Running the Atlas Mountain Marathon (UTAT)

My first mountain marathon with 2600m of ascent, the thin air of high altitude and bone-breaking terrain. Nothing really prepares you for running in the mountains and I had to learn some hard lessons along the way. As the hours wore on and the end was still far, my fight was against my own desire to give up and sit down, as much as it was with the route and my aching legs.

Keep going, keep going, keep going

It is six o’clock in the morning and pitch black. I am at the start line with Charlie, Laurent, Stefan and around 300 other competitors. The stars are hard points of diamond in the sky but there is very little moon. The head torches illuminate the flashes of neon greens and oranges on kit and when someone turns too quickly, they blind you. We’ve kissed each other and wished each other bon courage and now it is the last few seconds of the countdown. My stomach is churning and my heart is thumping, Everyone is nervous and excited and you can actually feel the adrenaline in the air.

Trois, deux, un and we are off. We settle down quickly to a thud thud of feet and the rustle of arms against bags. The first couple of kilometres is across a flat pastureland and then it is up the piste of the first col. In the dark, you can see the headlights snaking up the zig zags. Soon, I am head down and legs and arms pumping in a quick march up the hillside.

I have four hours to get to the first Checkpoint at 19.5km with about 500m of ascent and 1000m of descent on the way. In the three times I have done this first part of the route, I have never made it in even close to four hours, so I know I really have to push myself.

I settle into a good rhythm, working with a small group who are going at the same pace and make it to the top 15 minutes quicker than I thought I would. The sun has risen and is warming the mountainsides. I eat a couple of segments of Cliff Shots and start the run down to the first village. It’s steep but still on the piste, so not technically difficult. I pass a couple of people, which is always a good thing for the confidence, and head down through the last part of this segment through a series of berber houses along the river valley. It’s tricky underfoot, and you have to focus on every step, but I manage to run a good part of it.  There is only room for one runner at a time on the trail, so there is lots of passing and moving aside, but everyone is good natured.

I’m feeling fantastic at this stage, as I know I am going to make that first check point in good time. And I do. There is coke, God’s own sports’ drink!, and bananas and a refill of water for my bottles. I stop only to refuel and then get back out by 09.28. Now, I don’t have any more time constraints till the finish line – I HAVE to get there by 6pm.

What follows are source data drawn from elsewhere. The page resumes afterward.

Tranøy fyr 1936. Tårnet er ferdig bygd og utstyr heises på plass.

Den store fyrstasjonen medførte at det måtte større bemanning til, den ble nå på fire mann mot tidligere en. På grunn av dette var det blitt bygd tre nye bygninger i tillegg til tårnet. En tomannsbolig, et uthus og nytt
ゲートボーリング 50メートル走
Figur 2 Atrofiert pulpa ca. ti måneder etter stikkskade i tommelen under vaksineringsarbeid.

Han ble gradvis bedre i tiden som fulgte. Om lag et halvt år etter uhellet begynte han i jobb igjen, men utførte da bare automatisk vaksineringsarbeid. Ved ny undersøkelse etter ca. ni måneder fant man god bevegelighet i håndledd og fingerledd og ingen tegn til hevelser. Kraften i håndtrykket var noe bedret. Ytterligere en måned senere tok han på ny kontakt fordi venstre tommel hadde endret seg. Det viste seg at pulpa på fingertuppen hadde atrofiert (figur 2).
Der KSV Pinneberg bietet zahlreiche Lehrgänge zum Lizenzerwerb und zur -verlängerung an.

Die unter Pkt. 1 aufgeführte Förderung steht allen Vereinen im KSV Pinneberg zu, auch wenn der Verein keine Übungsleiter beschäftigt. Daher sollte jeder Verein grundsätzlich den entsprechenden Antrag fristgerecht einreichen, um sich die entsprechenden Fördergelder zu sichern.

The next section is a killer. It is the Tashdirt pass, a long, hard climb of 1300m with no real respite. I have had to really put it out there to make that first checkpoint in time, so my legs are already tired. I get my lightweight running poles out, get my head down and start trudging. People I passed on the downhill and through the checkpoint now start catching me up. As they disappear past me into the distance, I regret every piece of cake, ice cream and square of chocolate I have ever eaten. My mind is a blank. I try to bring my head up to look at the views, but mainly I keep my eyes on the path, dodging the loose stones and small rocks.

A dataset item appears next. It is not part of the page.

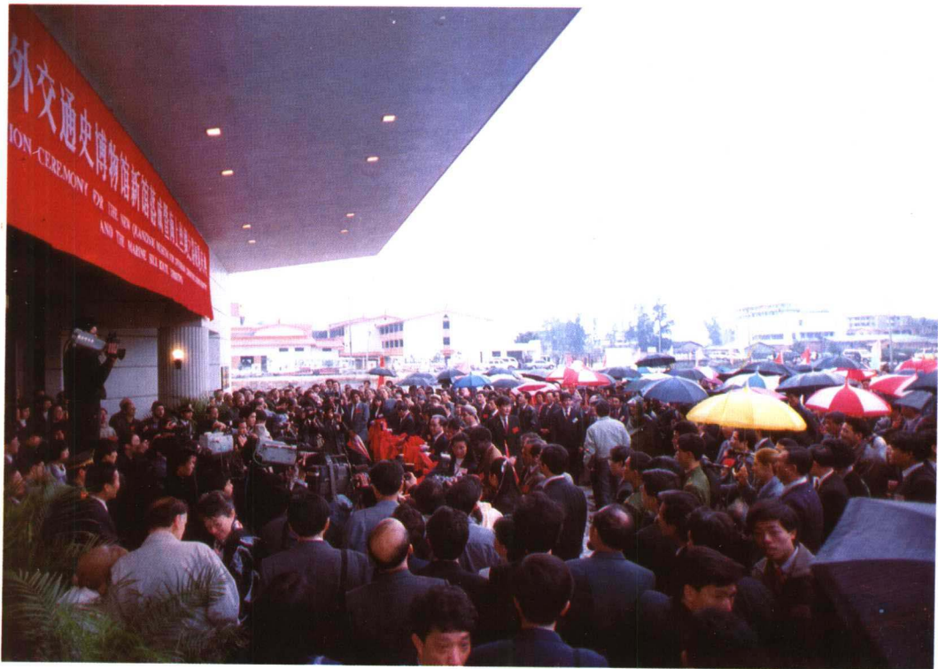
UNESCO考察团参加泉州海外交通史博物馆新馆落成典礼

Four hours later, I hit the top. My garmin is almost out, so I swap it over with my reserve, and this is where I make a big mistake. I don’t check the time properly, or the distance, before I switch one off and the other on. When I switch my new one on, it isn’t on local time and after I have sorted out the menu, I am not absolutely sure what time it is. I set it, but I think I have set it a bit fast, maybe around 10 minutes. I have also completely forgotten what kilometre I had got to. All my crucial information is missing.

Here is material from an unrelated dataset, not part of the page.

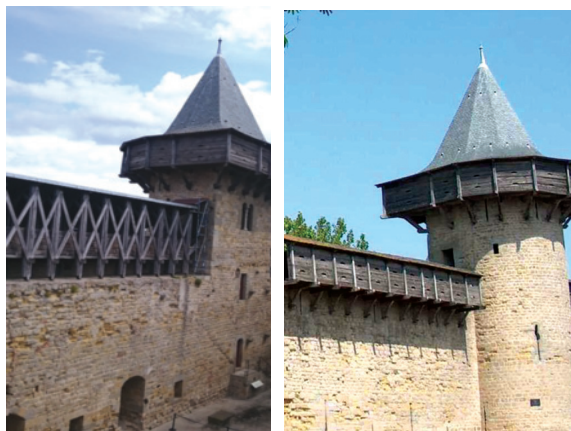
Сл. 3 и 4 – Претпостављени изглед с унутрашње и спољашње стране 8

Вишеградско утврђење коришћено је вековима, све до 1838. године када је из њега повучена посада. 9 Куле и бедеми су тада разрушени, па се сада на врху Павловине једва могу уочити остаци некадашње грађевине.

The descent from Tashdirt pass to checkpoint 2 in Tashdirt village is wonderful. It winds down through the heather and the spiny little bushes at a manageable gradient. I am trotting rather than running, using my poles for balance, and keeping 100% focussed so that I don’t lose my footing.

I keep pushing, as I want to get to the next checkpoint by 1400 in order to have lots of time for the last pass, which is the most difficult for me because it is the steepest. By now, there are only five of us in my little pack. Two French girls, two Dutch men and a chap, whose nationality remained a mystery to me and who seemed strangely cheerful for the entire route. I say it is a pack but in fact we are all strung out and just over and undertake at different junctures.

Two o’clock comes and goes and I am a long way away from the check point. I am still running but I don’t trust myself to go any faster on the terrain, and I am aching.

I get to the checkpoint, gulp down 2 cups of coke and one of sprite, fill up my bottles and march on. This is it. This is the test. The third coll is the one I like the least, it is only around 600m and much shorter than Tashdirt but it is black, hard rock and vertical. I know that I can’t stop. I know I don’t have the time, if I am going to achieve my goal and get to the end within the 12 hour deadline. I struggle on up. By now, I am virtually crawling. My arms and shoulders are taking a lot of my weight with every up step. Sometimes I have to use my hands to pull myself over the rocks. It goes on and on and on. The Dutch boys pass me and so does someone else, a new person, where did he come from?

I want to make the top by 1700, so that I have enough time for the last 6 km.  I know my watch isn’t right and that I have some leeway with it. I am so tired that I want to sit down, just for a couple of minutes, just so that I can rest my head as much as my body. But if I sit down, I will definitely not make the time. I get to my low point mentally, when I think that I can’t make it in time. I start thinking of excuses, and of reasons to slow down, stop pushing, rest up for a bit. I start to go through all the negative thoughts, why didn’t I train more/eat less/push harder… They make me slow down even more and my legs grow heavier. Enough! I may not make it in time, but there is a chance I will, and if I sit down, I will definitely fail. I keep going. Step, step, step, step.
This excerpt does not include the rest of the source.